According to Dr. O’Neil, however, involvement with Unasur would not interfere with Mercosur’s goals. She elaborated that the organizations are complementary because Mercosur has not achieved its initial aspirations and thus is not competing on the same level with Unasur. In other words, if Mercosur was still attempting to achieve its original aspirations there would have been a conflict of interest, but the organization is no longer strong enough to do this and thus will be willing to participate in Unasur. Furthermore, organizations such as Unasur have emerged to fulfill just what Mercosur failed to achieve – intra-regional integration and unity. Based on this, Mercosur inevitably faces a challenge ahead: how to achieve growth and unity between member states while at the same time becoming a part of a larger regional integration scheme.
What lies ahead for the Mercado Común del Sur?

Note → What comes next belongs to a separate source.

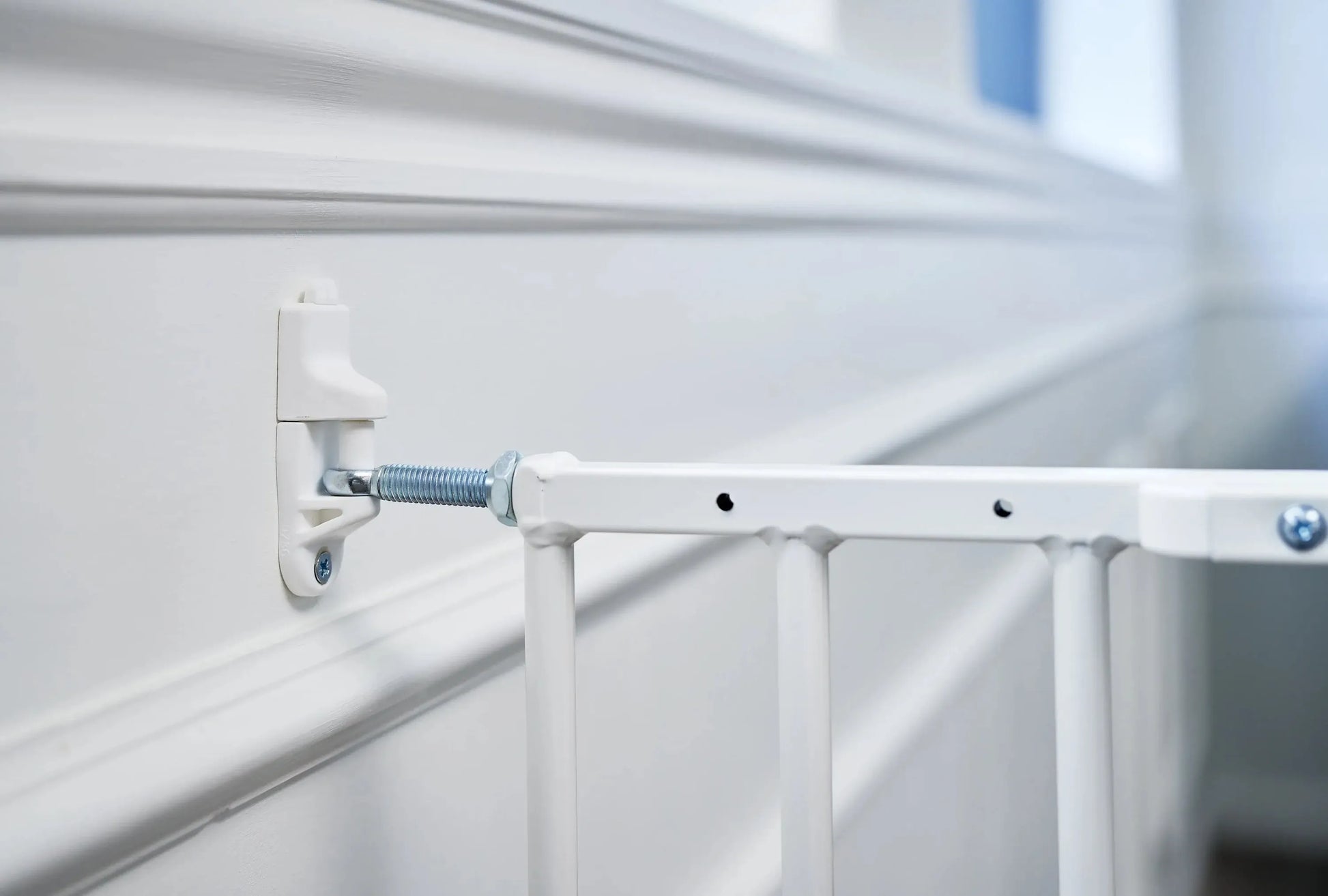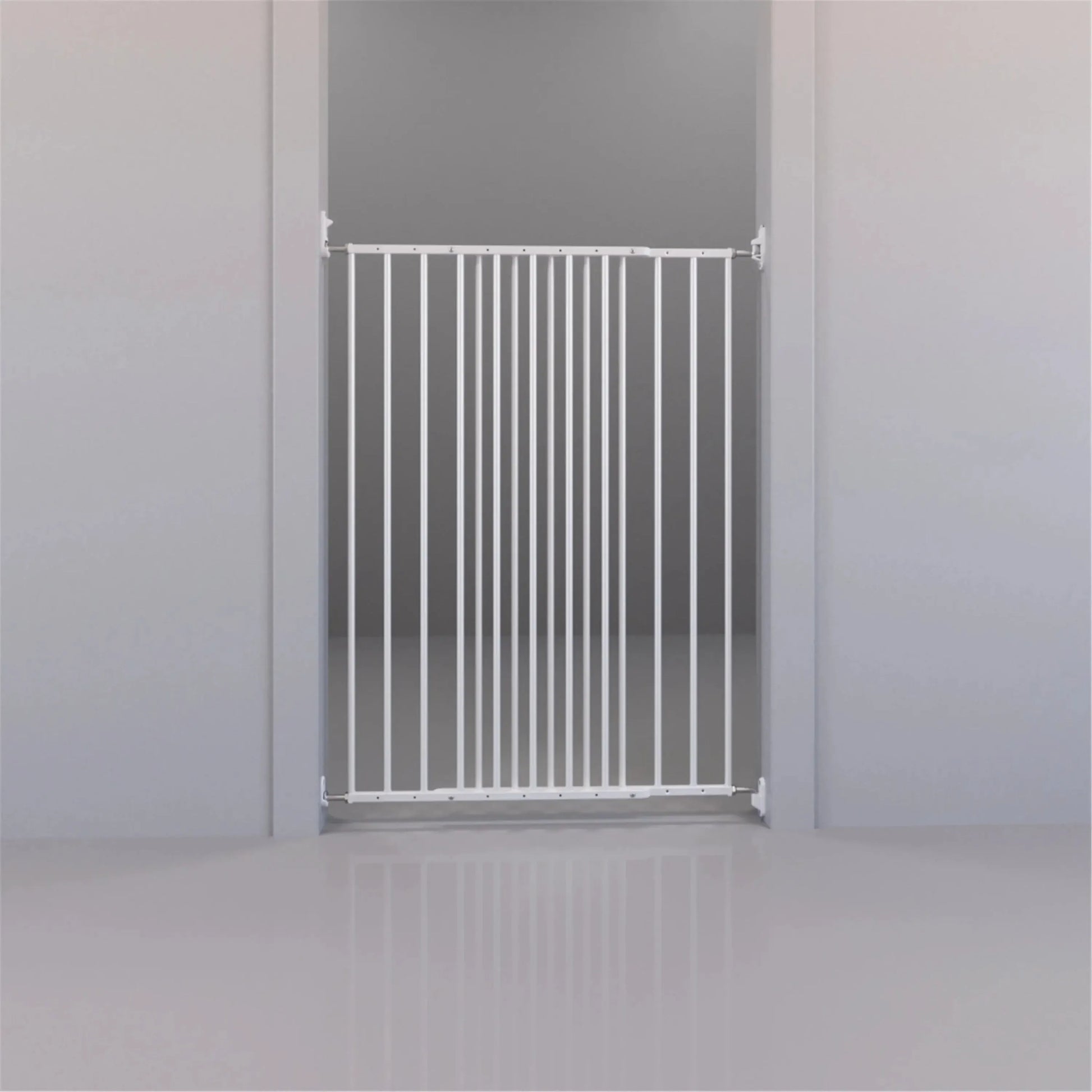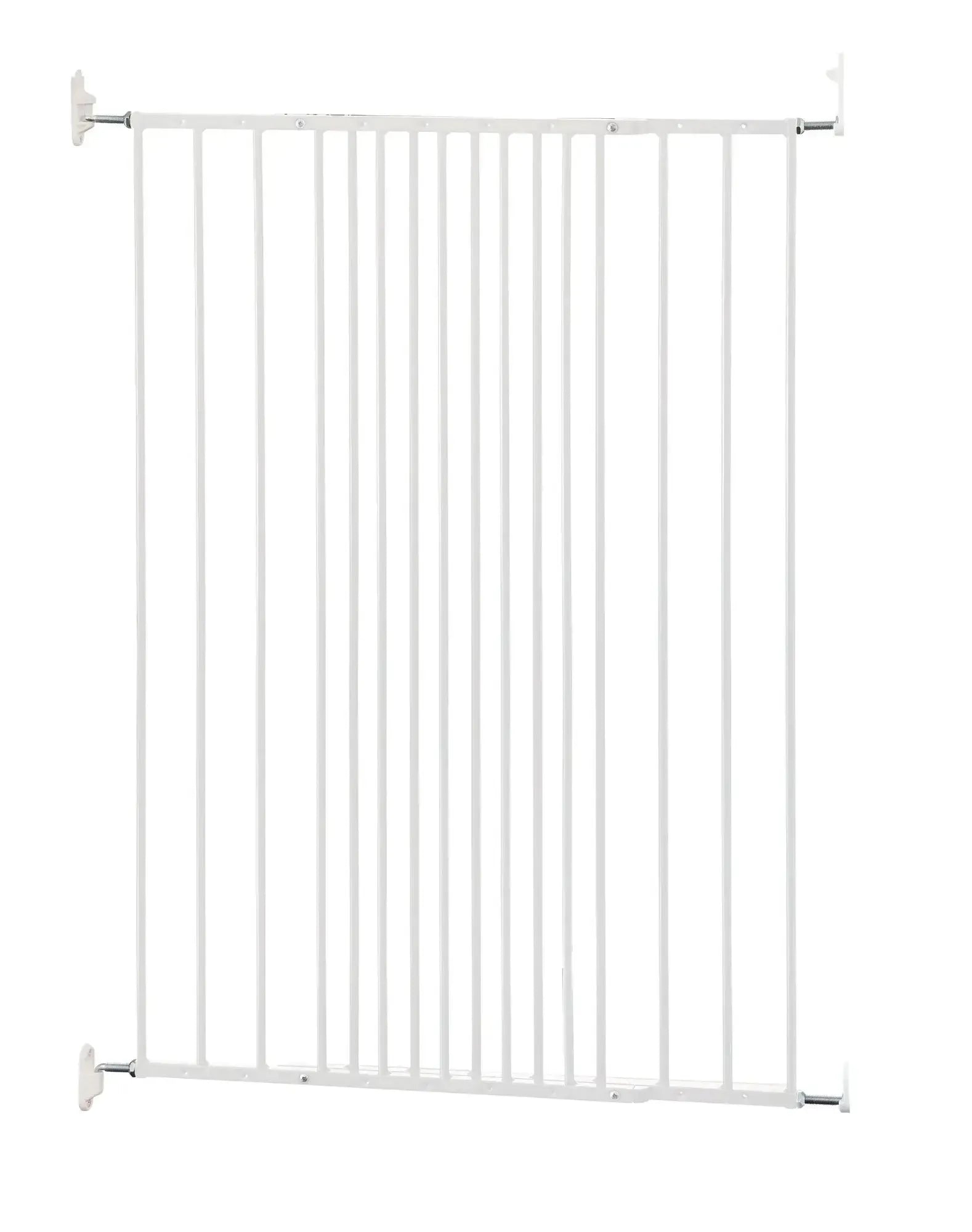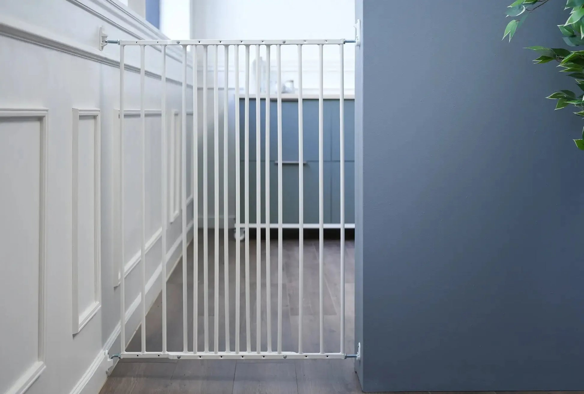 Tillverkad i pulverlackerat stål och PVC-fri plast erbjuder grinden hög hållbarhet och lång livslängd. Med en höjd på 104,5 cm och justerbar bredd på 62,5–106,8 cm passar den i de flesta dörröppningar och gångar.

The trade bloc has recently announced plans to negotiate with more partners outside of Latin America, including the South African Customs Union, the Cooperation Council of the Gulf (Arab nations), and India. These plans for international economic growth have great potential to help the organization achieve international prominence if carried out correctly and efficiently. However, stalled negotiations such as those with the EU only pose a threat to the organization’s legitimacy and credibility. Moreover, the internal disputes within Mercosur destabilize the unity of the organization and are counterproductive for an organization designed to promote intra-regional solidarity. Under the auspices of its peoples’ best interests, Mercosur must rediscover itself, keeping the past struggle for regional integration in mind while establishing goals for the future.